Firms May Turn to Congress for Pension Funding Help

By Rip Watson, Senior Reporter

This story appears in the May 25 print edition of Transport Topics.

NEW YORK — Trucking fleets saddled with potential multibillion-dollar liability for underfunded union pension plans will look to Congress for a legislative remedy this year, company officials and experts said.

Executives of unionized less-than-truckload carriers said their companies’ finances are threatened by their obligations to make payments into the funds whose beneficiaries include former employees of carriers that have gone out of business and no longer pay into the multi-employer funds.



Both Robert Davidson, chief executive officer of Arkansas Best Corp. and William Zollars, YRC Worldwide Inc.’s CEO, said they favor reforming multi-employer pension plans to change surviving employers’ obligations.

“To have the surviving carriers take financial responsibility for failed carriers is fundamentally unfair,” Davidson said, speaking at the Wolfe Research Global Transportation Conference here. “What is totally unfair is for everyone else to eat in the restaurant and leave us with the check.”

YRC’s Zollars, speaking at the same meeting last week, made a similar point.

Multi-employer pension plans “are the ultimate penalty for success,” he said. “As companies in the multi-employee pension plans go out of business, the remaining companies end up with the liability.”

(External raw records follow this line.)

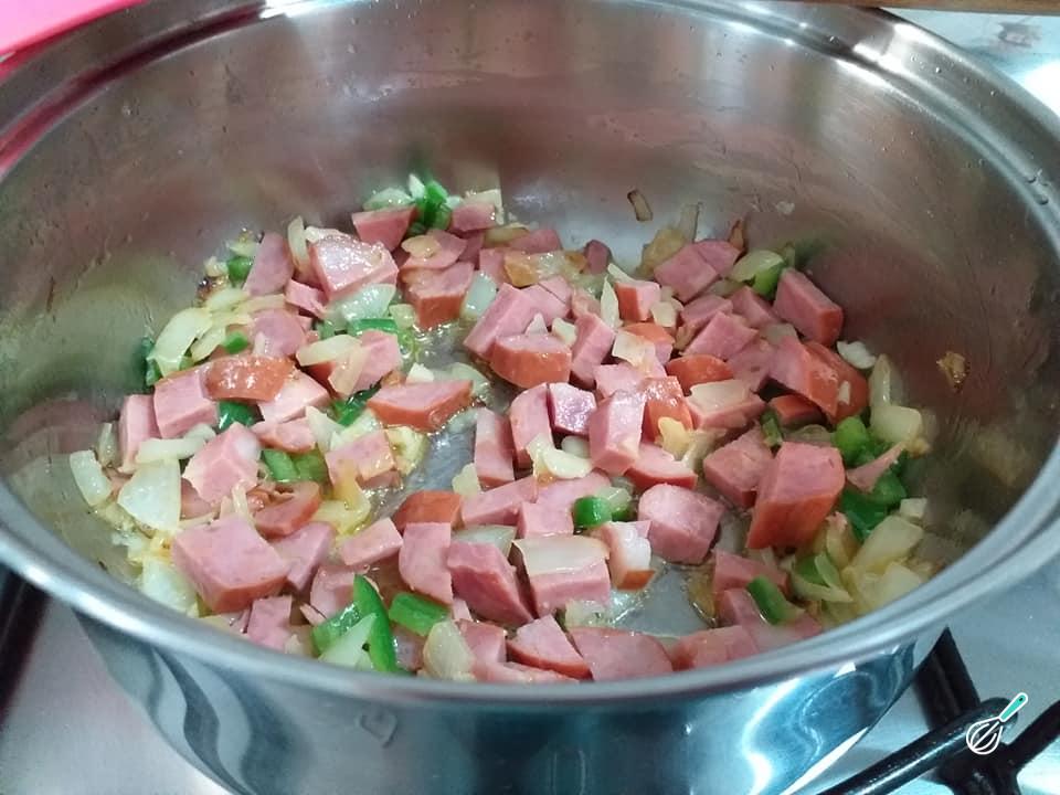 Acrescente a calabresa picada e refogue mais alguns minutos, até dourarem levemente.
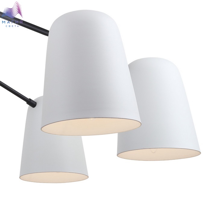 Современная серия F-Promo Trick прекрасно впишется в скандинавский интерьер. Металлический каркас покрыт черно краской и дополнен металлическими плафонами белого цвета.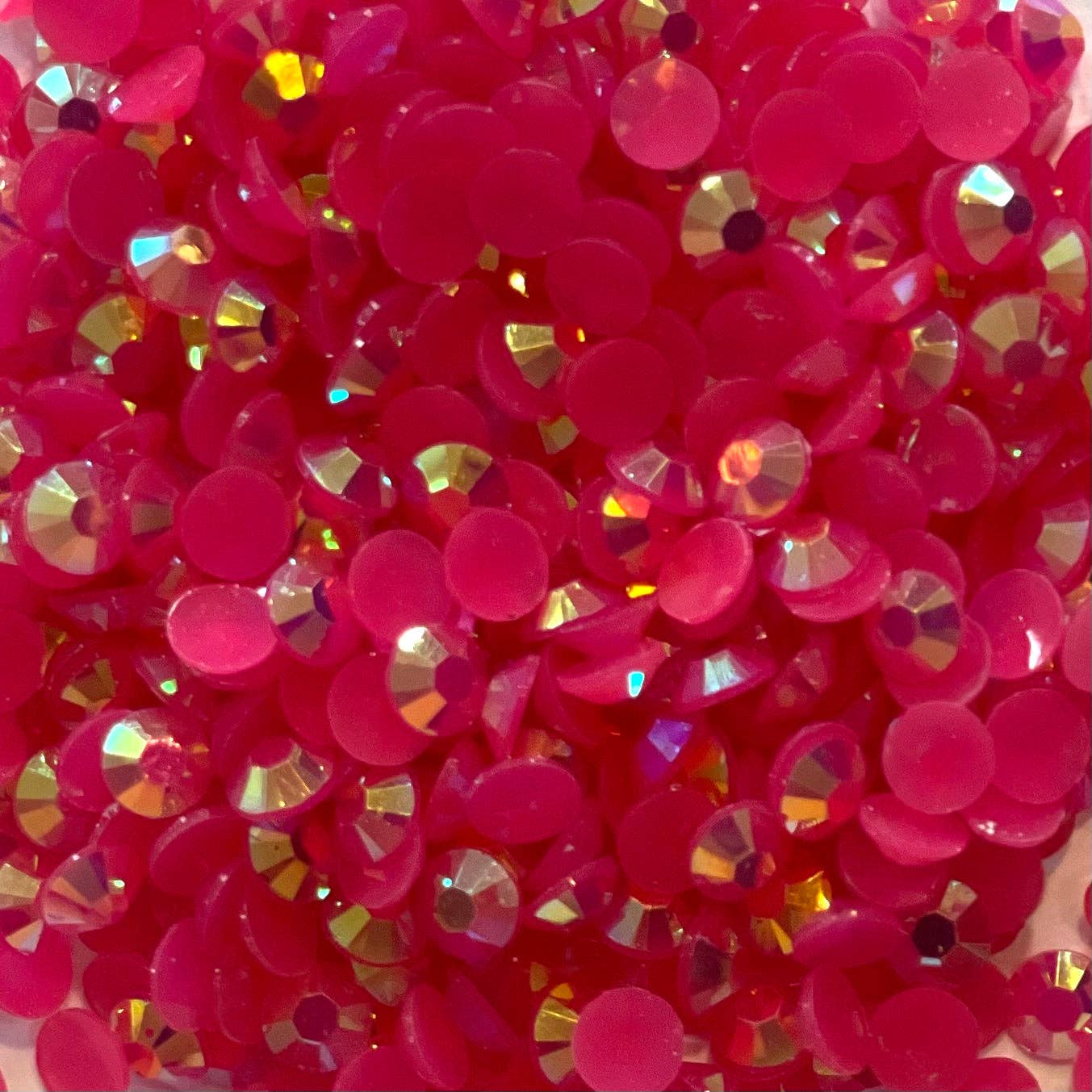 Candy Jelly Rhinestone / Jelly non hot-fix Qty: 1,000/5,000 per bag Non-hotfix Sizes available: 3MM, 4MM, & 5MM Flatback for easy embellishment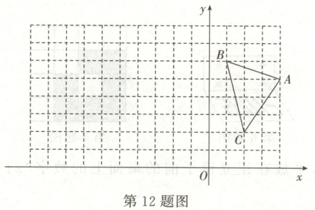 12. 如图,在由边长为 $ 1 $ 个单位长度的小正方形组成的网格中建立平面直角坐标系 $ xOy $,格点 $ A $,$ B $,$ C $ 的坐标分别为 $ (4,5) $,$ (1,6) $,$ (2,2) $。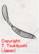 Morphology: Teleomorph: Unknown Anamorph: On olive brown to brown conidiophores, producing conidia straight or curved, pale brown to olive brown, fusiform, 30-100 x 12-19 um, with 3-8 pseudosepta. Germinated conidium often produces a secondary conidium. |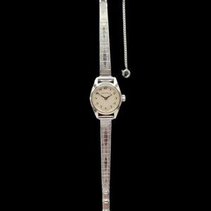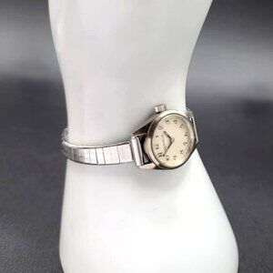 Refurbished with brand new genuine leather band (band can be changed to any in-stock leather, metal, mesh, nylon or rubber band free of charge-message me with your preference), Caravelle by Bulova vintage analog ladies watch featuring 7-Jewel wind up mechanical movement in excellent running condition. Case 20mm Band 6mm. Current band fits 7.75" adjustable down.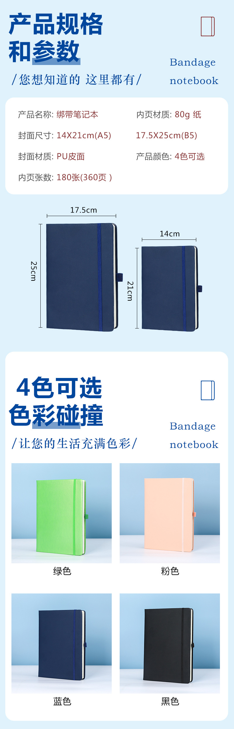 Оптовая продажа толстых моделей с ленточными ленточными цветами для бизнеса A5 ноутбук офисный цвет B5 блокнот для студентов дневник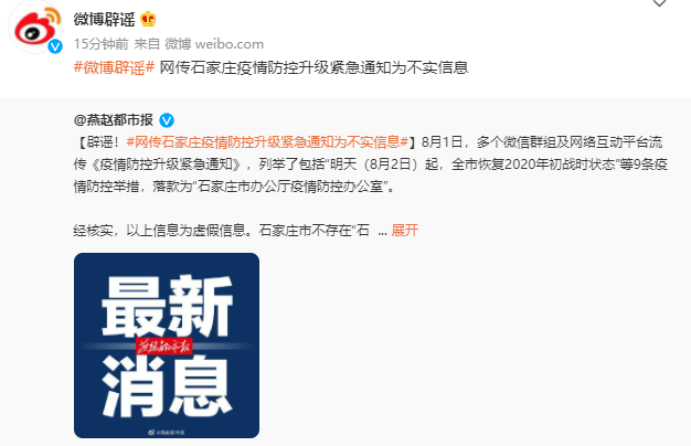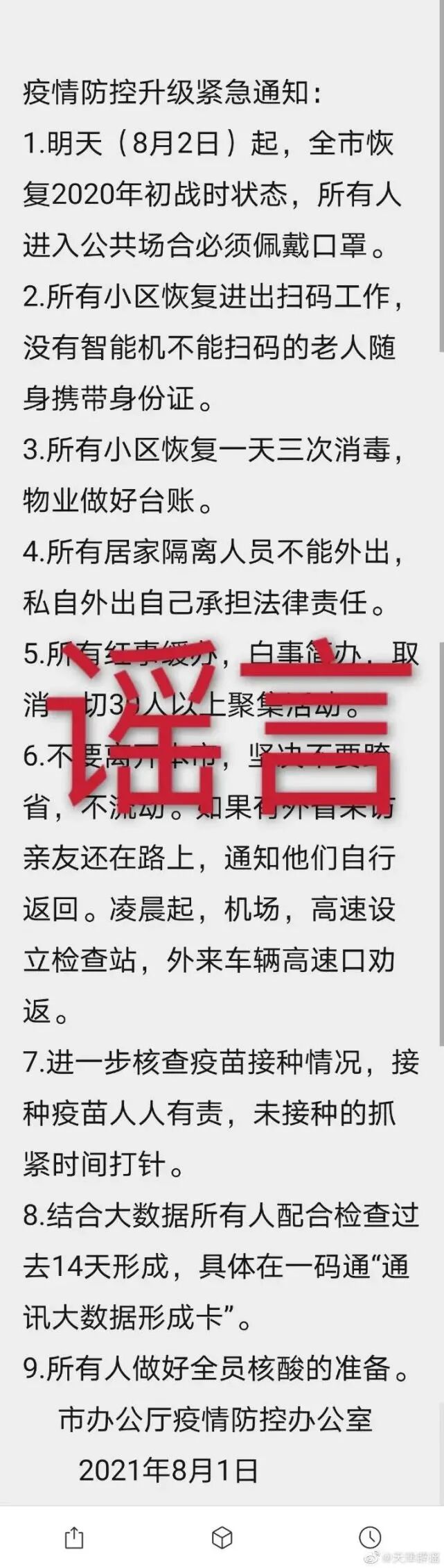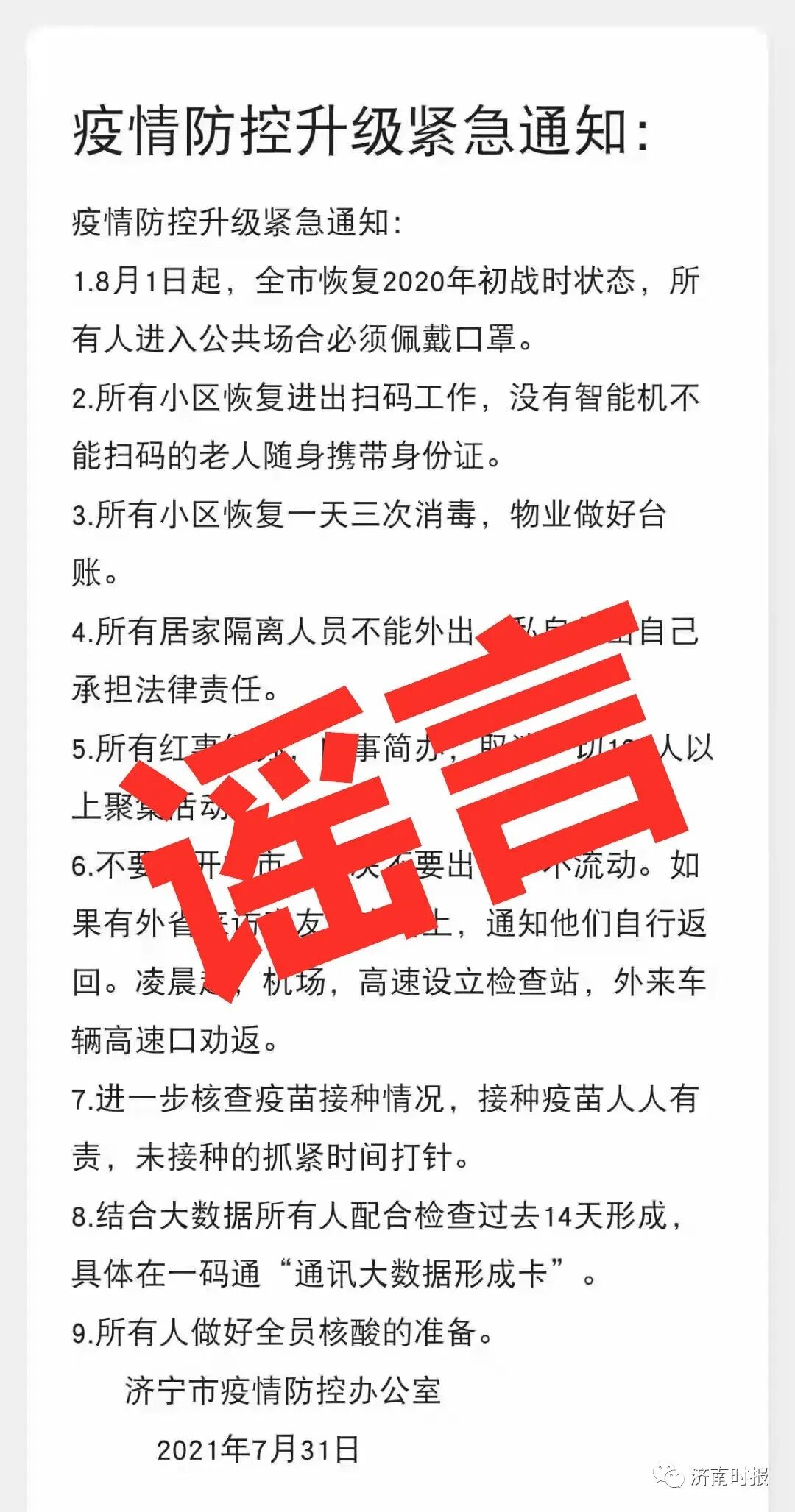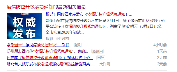 除了山东,最近全国多地也出现了疫情防控升级紧急通知的消息,均已证实为谣言。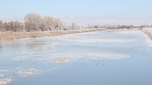 Sivas'ta Kızılırmak Nehri'nin yüzeyi buzla kaplanırken, Altınyayla ilçesi 23 dereceyle Türkiye'nin en soğuk bölgesi oldu.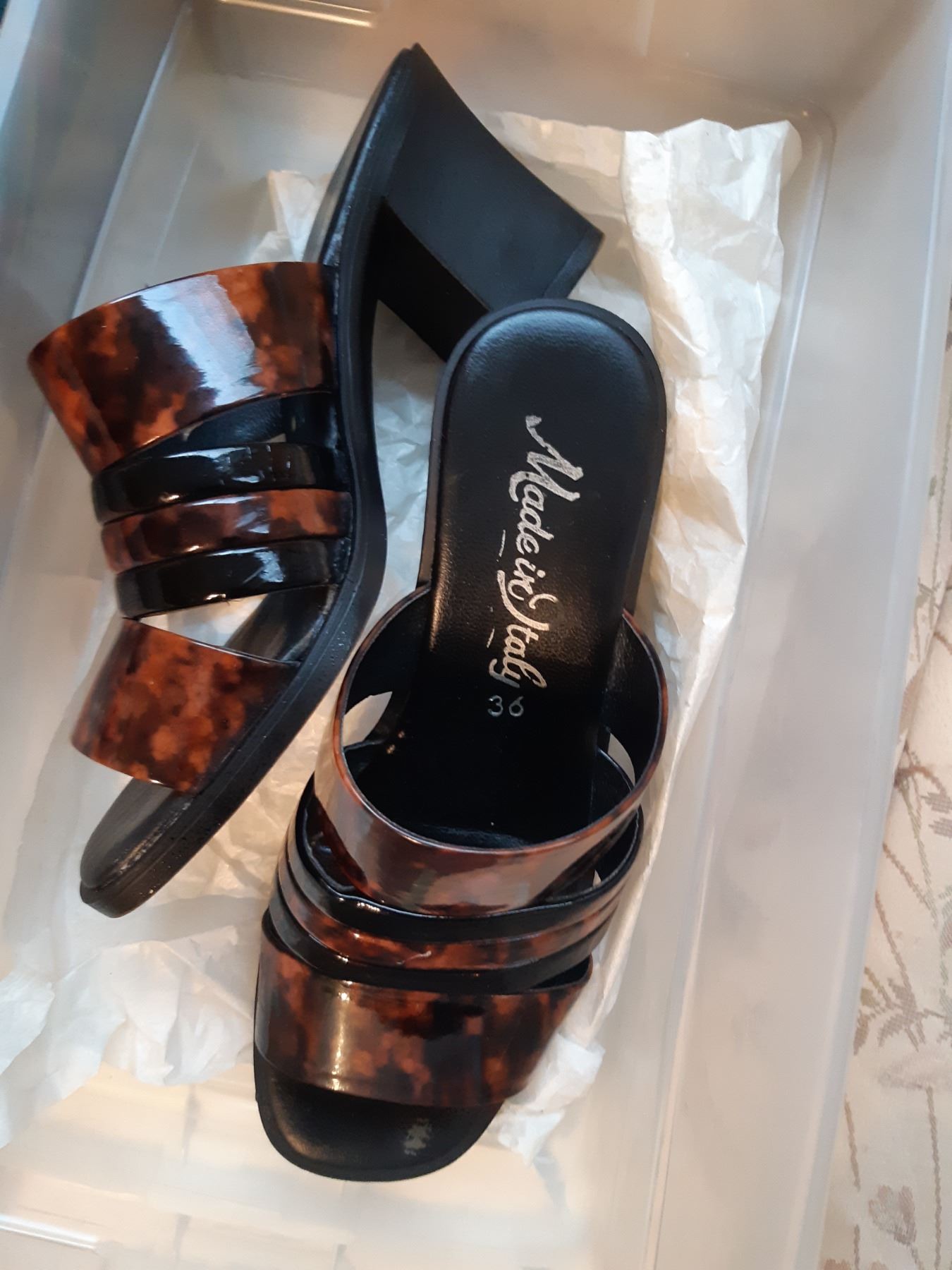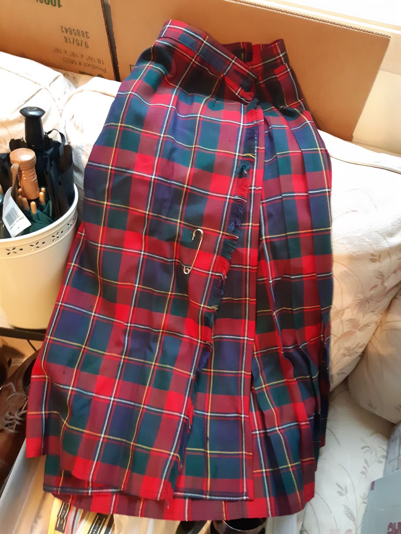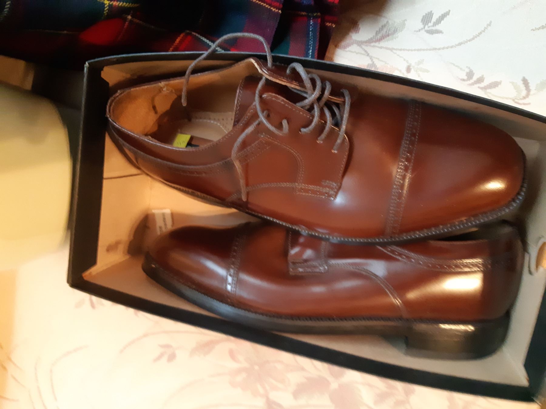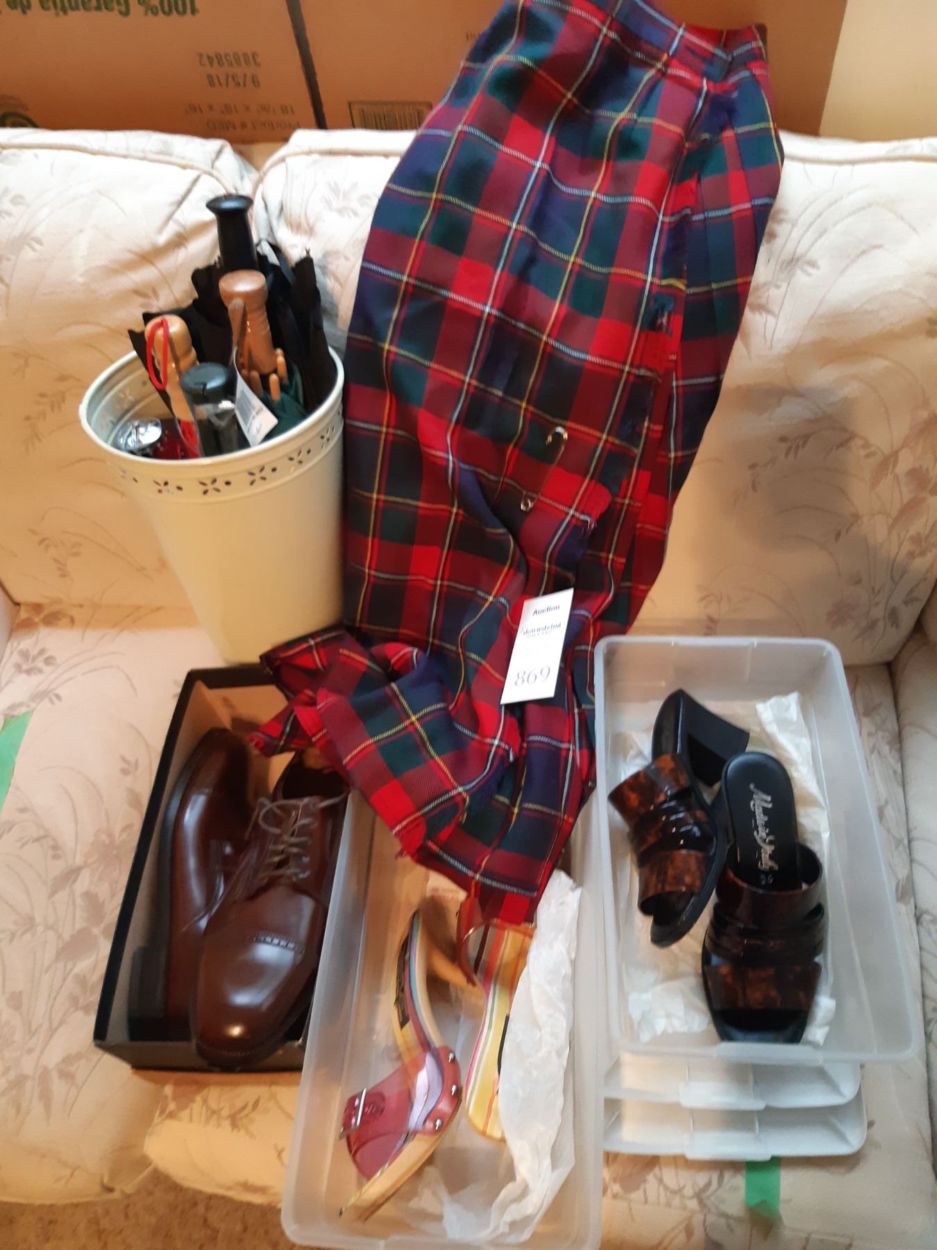 Pair of new mens size 7.5 Florsheim shoes. Ladies slip on shoes sizes 5 and 7. Kilt like wrap round skirt size 12 and umbrellas. Pickup at 9 am

The extent of the potential liability was estimated by YRC Worldwide at $4 billion in its annual report filed with the Securities and Exchange Commission, while the tally would be at least $800 million for Arkansas Best, Davidson told Transport Topics May 18.

Those two companies — the largest less-than-truckload carriers contributing to the funds — would face liability if they failed to make fund payments.

Davidson said he believed Congress would take up a legislative solution later this year, but he declined to give more details.

The multi-employer pension pressure has been building since the Motor Carrier Act of 1980 deregulated the industry. Legislation was passed less than a year later that obligated surviving companies to pay benefits for retirees of failed competitors, whose pensioners are known as “orphans.”

“Deregulation had the inevitable effect of forcing union companies out of business,” said Herve Aitken, a Washington transportation attorney who specializes in pension issues. He added that he believes the companies will seek legislation.

“In 1980, the LTL industry was [85% to 90%] unionized. Now it is just about the opposite,” Aitken said.

In total, the 2007 asset value of the multi-employer funds was about $65 billion, with liabilities of more than $111 billion — or a 58% funding level, said a report by Wolfe Research issued May 18.

The precise level of current multi-employer pension funding isn’t clear, and current proportions of active workers to beneficiaries are not known, because the funds’ haven’t filed comprehensive reports for 2008, YRC said in its annual report. In the funds’ 2007 reports, most listed more beneficiaries than active contributors.

“We believe orphans are responsible for a material proportion of the underfunded status of Teamster pensions and could cause further deterioration of Central States Pension Fund’s status and therefore increase YRC Worldwide’s and Arkansas Best’s withdrawal liabilities,” said the report.

“We expect their managements along with the Teamsters to lobby the Obama Administration for new multi-employer pension legislation to gain relief from these liabilities,” the report said.

The Central States fund provides benefits for about 40% of YRC’s employees, the company said. Its total beneficiaries now top half a million. Its funded status was listed as 42% in Wolfe’s report.

“We are on record as supporting pension reform,” Teamsters spokes-man Galen Munroe told TT. Thomas Nyhan, administrator of the Central States fund, has not returned multiple calls seeking comment and additional information.

YRC now pays between $34 million and $45 million a month for pension obligations and is negotiating with the union and the fund to replace cash payments with real estate collateral (click here for related story).

“We believe that our portion of the contingent liability in the case of a full withdrawal or termination from all of the multi-employer pension plans to which we contribute would be an estimated $4 billion on a pre-tax basis before taking into consideration the recent market declines,” YRC said.

Central States’ asset value declined 29% last year and now stands at $17.4 billion, according to a report by an independent special counsel.

UPS in 2007 paid $6.1 billion to exit from Central States, although the company’s workers still participate in other funds, spokesman Norman Black told TT. Its UPS Freight Teamsters workers participate in a company pension plan, he said.

Not all pension funds are in Central States’ position.

The Western Conference of Teamsters Pension Trust has said its plan currently is about 85% funded, based on a 2009 filing. Like Central States, that fund also has more than 500,000 participants, but only 45% are contributing to the plan — the balance are retired or laid off.